Последний год был разрушительным, он научил Ури избегать предвкушений такого рода – те разочарования, которые они несли за собой, поссорили его со всеми, кто был ему дорог. Он уже привык к одиночеству и научился его ценить: одиночество обеспечивало ему хотя бы видимость душевного покоя. Но на этот раз предвкушение было наполнено настойчивостью такой силы, на которую он, казалось, давно был неспособен, и осторожность покинула его. Подвела, оставила его на произвол судьбы.
Если бы Инге спугнула его неловким словом или жестом, он, пожалуй, мог бы еще вырваться из-под этого наваждения. Мог бы вернуться в спокойную гавань своей отрешенности, достигнутой им с таким трудом. Но она по-прежнему стояла, не шевелясь и не отнимая безвольную ладонь, словно предоставляя ему свободу действий. И тогда он отпустил ее ладонь и привлек ее к себе. Она прильнула к нему, не сопротивляясь. Во всех точках, где ее тело прикасалось к его, вспыхивали, сливаясь друг с другом, пронзительно-синие огоньки, отчего воздушный шар его головы, наконец, оторвался от тела и, протаранив потолок и крышу, вознесся неведомо в какие выси. А дальше он уже ничего не помнил, кроме того, как эта незнакомая женщина таяла у него в руках, растворяясь в нем и шепча давно забытые ласковые слова на языке его детства.
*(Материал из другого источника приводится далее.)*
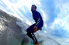ウォータープルーフケースに入った状態でも、スタート/ストップボタンの操作がしやすくていいですね。初めは撮りっ放しにしていたのですが、途中から波を待っている間はオフにして、波が来たらスタートボタンを押すようにしました。突然入ってくる波にも対応でき、一度もミスることなく撮影できましたよ。そうすると後で再生したときに、いらない映像が減って見やすいですね。本体の大きさ、重さも申し分ありません。まったく邪魔になりませんでした。
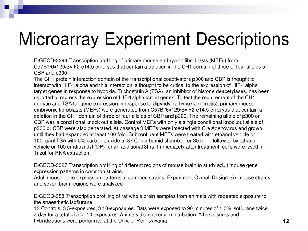 Microarray Experiment Descriptions E-GEOD-3296 Transcription profiling of primary mouse embryonic fibroblasts (MEFs) from C57B1/6x129/Sv F2 e14.5 embryos that contain a deletion in the CH1 domain of three of four alleles of CBP and p300 The CH1 protein interaction domain of the transcriptional coactivators p300 and CBP is thought to interact with HIF-1alpha and this interaction is thought to be critical to the expression of HIF-1alpha target genes in response to hypoxia. Trichostatin A (TSA), an inhibitor of histone deacetylases, has been reported to repress the expression of HIF-1alpha target genes. To test the requirement of the CH1 domain and TSA for gene expression in response to dipyridyl (a hypoxia mimetic), primary mouse embryonic fibroblasts (MEFs) were generated from C57Bl/6x129/Sv F2 e14.5 embryos that contain a deletion in the CH1 domain of three of four alleles of CBP and p300. The remaining allele of p300 or CBP was a conditional knock out allele. Control MEFs with only a single conditional knockout allele of p300 or CBP were also generated. At passage 3 MEFs were infected with Cre Adenovirus and grown until they had expanded at least 100 fold. Subconfluent MEFs were treated with ethanol vehicle or 100ng/ml TSA with 5% carbon dioxide at 37 C in a humid chamber for 30 min., followed by ethanol vehicle or 100 umdipyridyl (DP) for an additional 3hrs. Immediately after treatment, cells were lysed in Trizol for RNA extraction. E-GEOD-3327 Transcription profiling of different regions of mouse brain to study adult mouse gene expression patterns in common strains. Adult mouse gene expression patterns in common strains. Experiment Overall Design: six mouse strains and seven brain regions were analyzed E-GEOD-358 Transcription profiling of rat whole brain samples from animals with repeated exposure to the anaesthetic isoflurane 12 Controls, 3 5-exposures, 3 10-exposures. Rats were exposed to 90 minutes of 1.0% isoflurane twice a day for a total of 5 or 10 exposures. Animals did not require intubation. All exposures and hybridizations were performed at the Univ. of Pennsylvania

До сих пор все его женщины – и любимые, и случайные, – в минуты любви бормотали свою сладкую женскую чушь на иврите. И даже когда он завел короткую веселую интрижку с разбитной американской туристкой из Нью-Йорка, та все время пыталась доказать ему, что она не хуже других и, пусть с чудовищным акцентом, но тоже говорит на иврите. По-немецки с ним говорила только мама. Как он ее назвал – мама? Это же надо! – ведь уже давно он мог выдавить из себя только суровое и безликое слово «мать».
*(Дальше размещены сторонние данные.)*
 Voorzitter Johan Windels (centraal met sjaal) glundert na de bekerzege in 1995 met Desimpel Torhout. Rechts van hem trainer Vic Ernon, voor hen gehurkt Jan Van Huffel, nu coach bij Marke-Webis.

Обессиленный и на редкость умиротворенный, Ури лежал, уткнувшись лицом в незнакомое, плотное, очень белое плечо. Он пробежал пальцами от плеча к ладони, поднял укушенную им руку и поцеловал. Инге повернула ладонь к себе и усмехнулась:
– До крови все же не прокусил. А я думала, ты – вампир.
– К сожалению, не вампир. А жаль, ведьма и вампир – какая чудная пара!
– С чего ты взял, что я ведьма?
– Во-первых, ты сама созналась.
Внезапный переход на «ты» для Ури был прост, в его языке все обращались друг к другу на «ты». А вот для нее это что – знак близости? Впрочем у него еще будет время это выяснить.
– Во-вторых, об этом вчера громко кричала малиновая фурия во дворе.
– Малиновая фурия? – сперва не поняла Инге, но быстро догадалась. – Ах, Марта! И ты что, ей поверил?
– Конечно, поверил. Разве ты не подмешала мне в лекарство приворотное зелье?
Инге приподнялась на локте и посмотрела ему прямо в глаза, близко-близко, так что он увидел в ее глазах свое крошечное искаженное отражение.
– Ты прав – подмешала.
Трудно было понять, шутит она или говорит всерьез. Она продолжала пристально смотреть на него, нисколько не стесняясь своей наготы. Груди у нее были крупные, тугие, очень белые со светлыми розовыми сосками. Таких сосков он раньше не видел, у всех его прошлых девушек соски были темные, порой почти черные. Он нежно, почти не касаясь, обвел пальцами правой руки розовую вишенку соска, плоские синие глаза дрогнули и закрылись. Тут кто-то заколотил в дверь, негромко, но отчаянно, и из коридора донеслось жалобное повизгивание, похожее на плач обиженного ребенка.
– Ревнует, – не открывая глаз, сказала Инге, откинулась назад и положила левую ладонь Ури себе на вторую грудь. – Он у меня очень ревнивый.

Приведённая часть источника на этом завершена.